WORK INSTRUCTIONS
Examine each line of the listing below. Copy those in which the string "that" appears.
───── DATA TO USE
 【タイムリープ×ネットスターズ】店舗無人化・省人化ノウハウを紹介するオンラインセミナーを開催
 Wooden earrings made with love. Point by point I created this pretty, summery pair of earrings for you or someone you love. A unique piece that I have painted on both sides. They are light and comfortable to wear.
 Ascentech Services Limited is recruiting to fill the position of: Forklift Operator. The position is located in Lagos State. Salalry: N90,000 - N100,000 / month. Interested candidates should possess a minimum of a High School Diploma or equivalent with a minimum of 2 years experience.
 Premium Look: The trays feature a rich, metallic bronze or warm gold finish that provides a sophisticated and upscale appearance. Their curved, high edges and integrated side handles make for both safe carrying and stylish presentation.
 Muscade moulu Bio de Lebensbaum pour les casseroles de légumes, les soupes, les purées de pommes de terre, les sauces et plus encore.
──────────
───── DATA TO USE
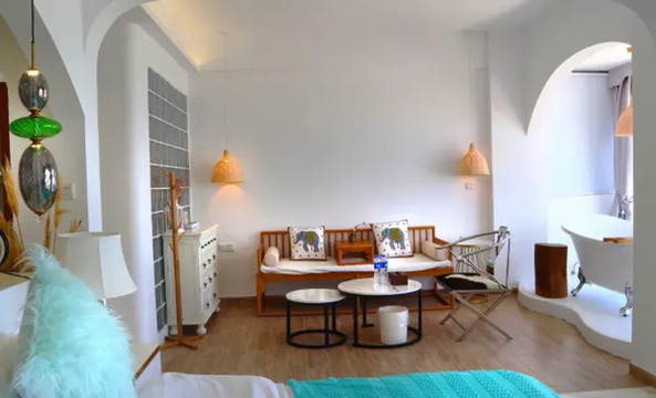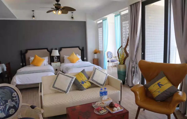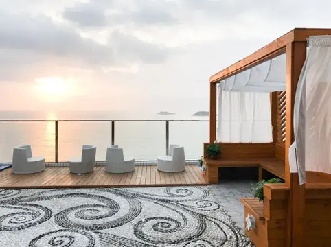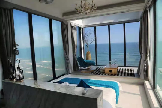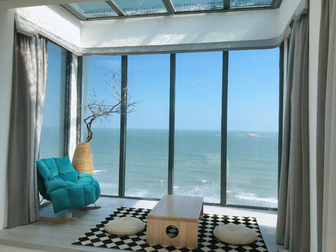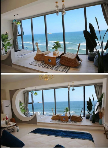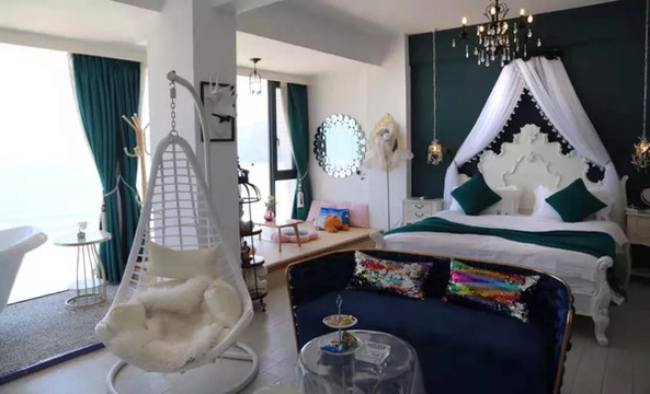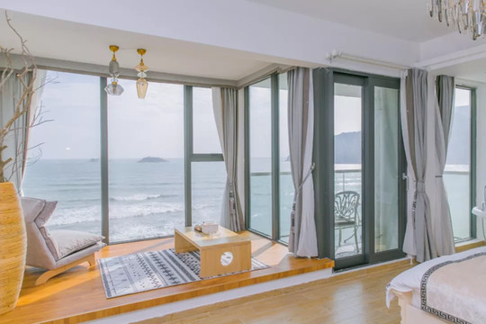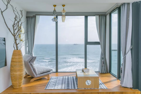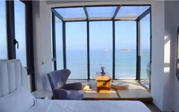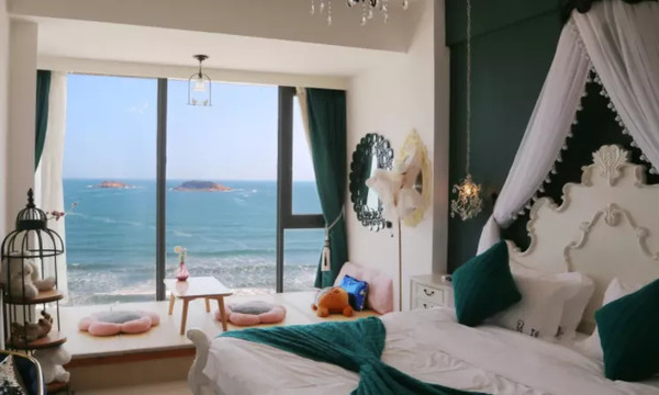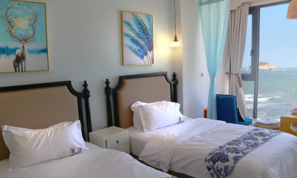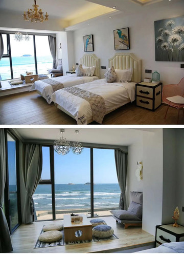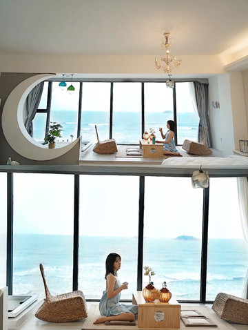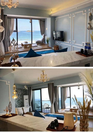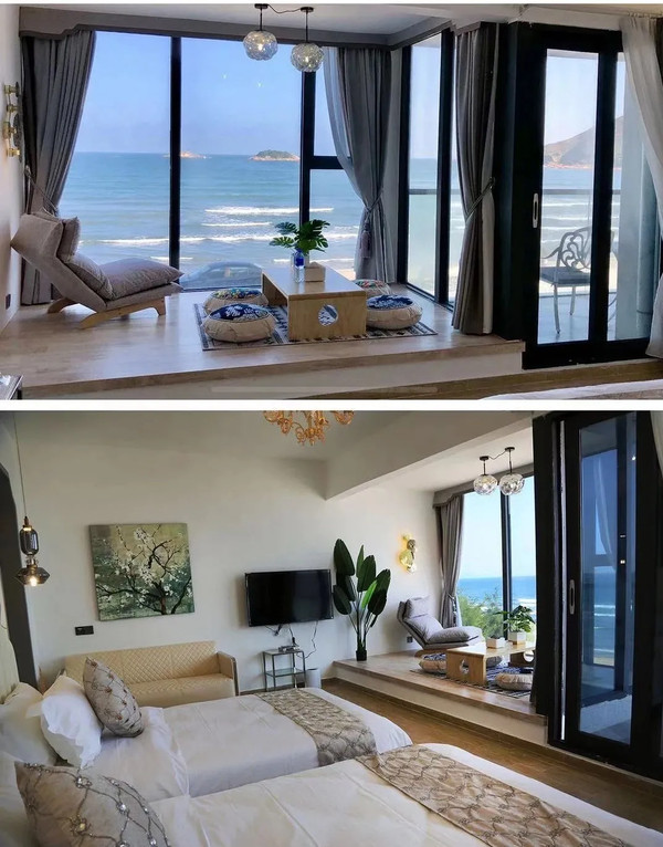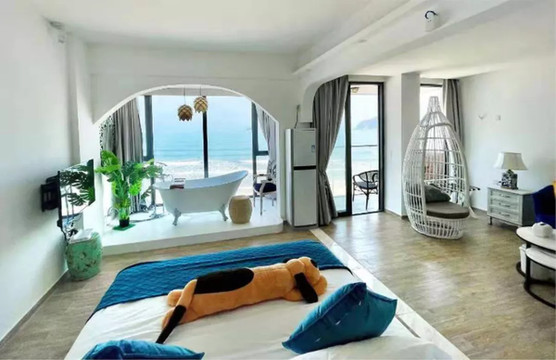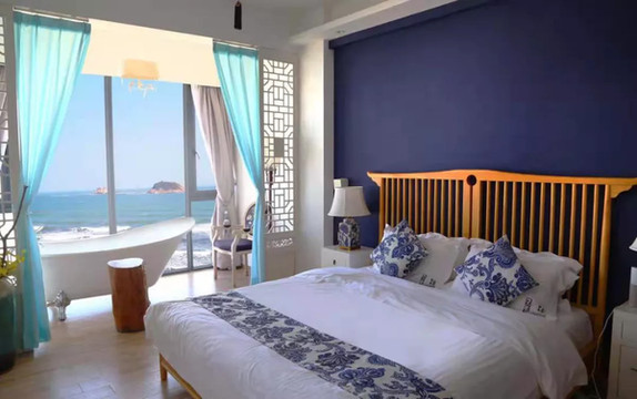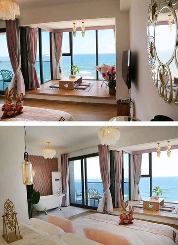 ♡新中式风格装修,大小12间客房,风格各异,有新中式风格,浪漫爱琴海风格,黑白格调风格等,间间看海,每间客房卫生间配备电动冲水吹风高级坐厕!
──────────
EXERCISE RESULT
 Wooden earrings made with love. Point by point I created this pretty, summery pair of earrings for you or someone you love. A unique piece that I have painted on both sides. They are light and comfortable to wear.
 Premium Look: The trays feature a rich, metallic bronze or warm gold finish that provides a sophisticated and upscale appearance. Their curved, high edges and integrated side handles make for both safe carrying and stylish presentation.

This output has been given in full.